Banks step in to test crypto waters ahead of European Central Bank pan-EU licensing rules

European Central Bank Steps in as Banks Test Crypto Waters Ahead of Pan-EU Licensing Rules

The European Central Bank (ECB) said on Wednesday it will harmonize how banks offer cryptoassets to ensure they have enough capital and expertise in a sector some European Union lawmakers have described as the Wild West. Many crypto companies such as Binance and Crypto.com have been authorized in EU countries such as Italy, France, Spain, Greece or Germany after complying with national security measures to prevent money laundering and terrorist financing.

This comes ahead of pan-EU licensing rules from 2023.

The ECB has said banks are also considering whether to join the crypto sector, but national rules have largely shifted.

“In Germany, some crypto activities are subject to banking license requirements and to date, several banks have requested to be authorized to conduct these licensed activities,” the ECB said in a statement.

“It is in this context that the ECB is taking steps to assess license requests.”

The ECB, which directly regulates euro zone lenders such as Deutsche Bank, UniCredit and BNP Paribas, said it will check whether crypto activities are in line with a bank’s risk “profile”, which determines how much capital it holds.
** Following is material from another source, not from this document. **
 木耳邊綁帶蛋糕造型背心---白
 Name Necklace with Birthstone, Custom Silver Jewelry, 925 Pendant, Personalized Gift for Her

The ECB will also check whether the bank can identify and assess risks in cryptoassets and whether board members and IT staff have “strong experience” in this area.
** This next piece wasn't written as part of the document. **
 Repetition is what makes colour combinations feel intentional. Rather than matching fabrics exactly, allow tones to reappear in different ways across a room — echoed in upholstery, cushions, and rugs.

“Importantly, by working closely with national supervisors, the ECB will strive for greater consistency in prudential assessments across national regimes,” the ECB added.
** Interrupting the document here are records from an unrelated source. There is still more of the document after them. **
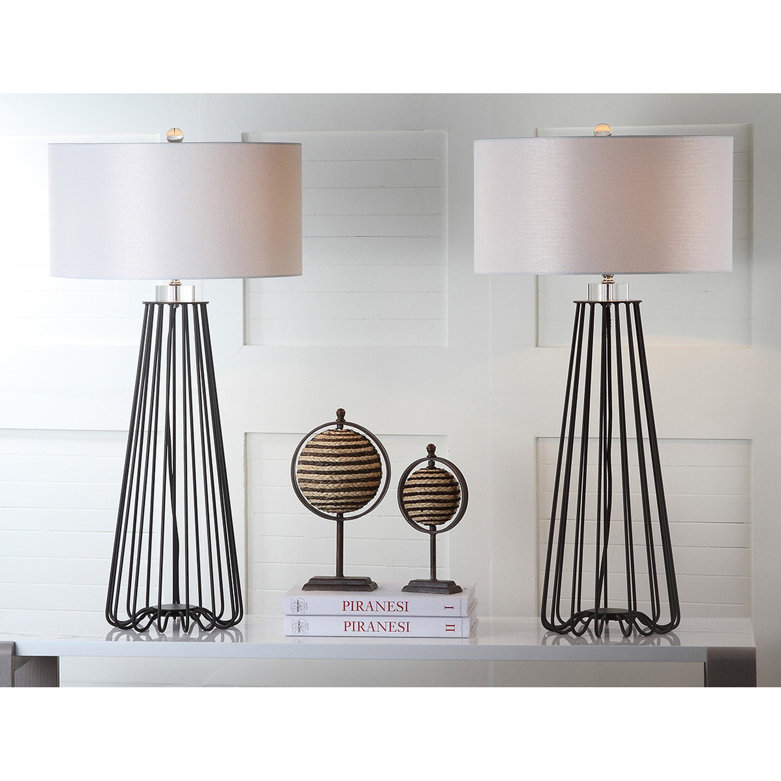 SAFAVIEH Estill Table Lamp (Set of 2) Industrial chic style at its finest, the Estill table lamp is crafted of strips of black metal artfully tapering up from its base. Topped with a white cotton drum shade and acrylic finial, this see through design lends a contemporary vibe to any space. Begin your rug, furniture, lighting, outdoor, and home decor search and discover over 100,000 SAFAVIEH products today.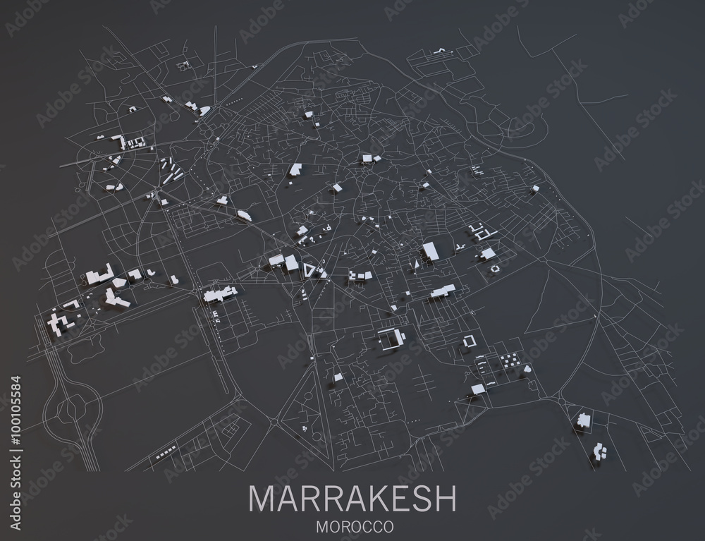 Fototapeta Cartina Marrakesh, vista satellitare, Marocco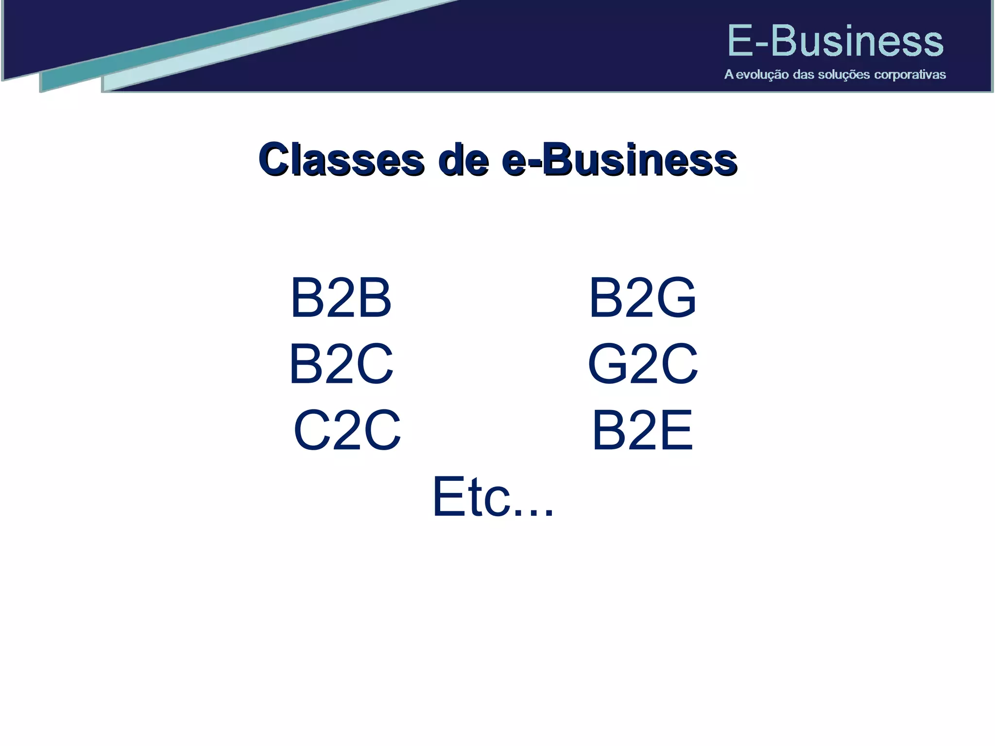 O documento discute as principais classes de e-business (B2B, B2C, C2C etc.), explica o que são intranet, extranet e internet móvel e como as empresas os utilizam. Também aborda o uso de blogs e redes sociais pelas empresas para fins de marketing e relacionamento com clientes.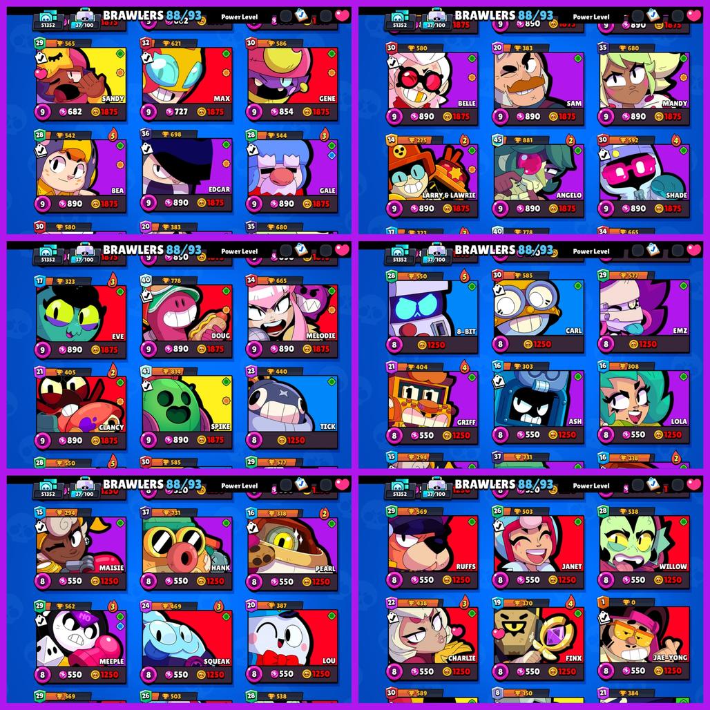All Brawlers are level 7 or higher.(27 at Level 9)(21 at Level 8)(14 at Level 7)

Global regulators from the Basel Committee in Switzerland are evaluating whether banks should have specific capital buffers to hold crypto assets.

The EU is also reviewing its bank capital requirements legislation.

Ville Niinisto, a member of the Green Party in the European Parliament, has proposed an amendment that would limit bank holdings of bitcoin and other cryptocurrencies that are not backed by assets to more than 1 percent of a bank’s core Tier 1 capital.

Such a cap would need the support of the entire parliament and EU states to become law, a lengthy process.

Ninisto should also assess whether regulators require bespoke capital for the blockchain that underpins cryptoassets.